Converting OpenOffice.org documents to XHTML 1.0 strict with Writer2LaTeX: a quickguide (second version)

About this document

This is the second version of my quickguide, documenting XHTML conversion with the 2003-12-11 development release of Writer2LaTeX 0.3.1. Users of earlier development releases are encouraged to upgrade, as the release features a fair amount of fixes.

Update 2004-01-22: This quickguide is slightly outdated – for the latest bleeding edge release, check Henrik Just's WriterLaTeX page and follow its instructions. I am planning to release an update of this page soon.

Intro

OpenOffice.org 1.1 has a lot of excellent features and allows you to save files in a range of formats, going from *.sxw over *.doc and *.rtf to even *.pdf and so on. However, generating decent HTML documents is not possible with the default settings of the OpenOffice.org suite.
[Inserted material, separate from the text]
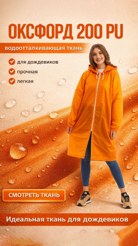 Ткань Оксфорд 200 D WR/PU 77+/-5гр.м2 рул 100м гладь
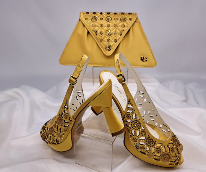 Step into sunshine elegance with The Olufunke Set, a radiant pairing that celebrates confidence and charm. Crafted in a striking golden hue, this matching shoe and bag ensemble features intricate laser-cut patterns adorned with shimmering embellishments that catch the light with every movement.

Let's say you want to convert the file example.sxw into a HTML document; this is what you get when saving as *.html. At first sight the document looks good, but when inspecting the source code, you can start frowning: a half baked doctype, font tags, abundant spans, blockquotes without p tags inside, etc. In some cases, even proprietary tags such as sdfield are inserted into your html page's code. A big no-no if you want standards compliance.

Besides saving, you can also export an SXW document to XHTML with OpenOffice.org 1.1's export filter function. Problem solved, you say. However. Check the source of this document to know it is not. The resulting code is full of errors, the footnotes disappeared, no doctype is defined and the SXW format's namespaces are still there; nope, neither this is what we want.

So, do we have to wait for OpenOffice.org 2.0 for decent (X)HTML conversion?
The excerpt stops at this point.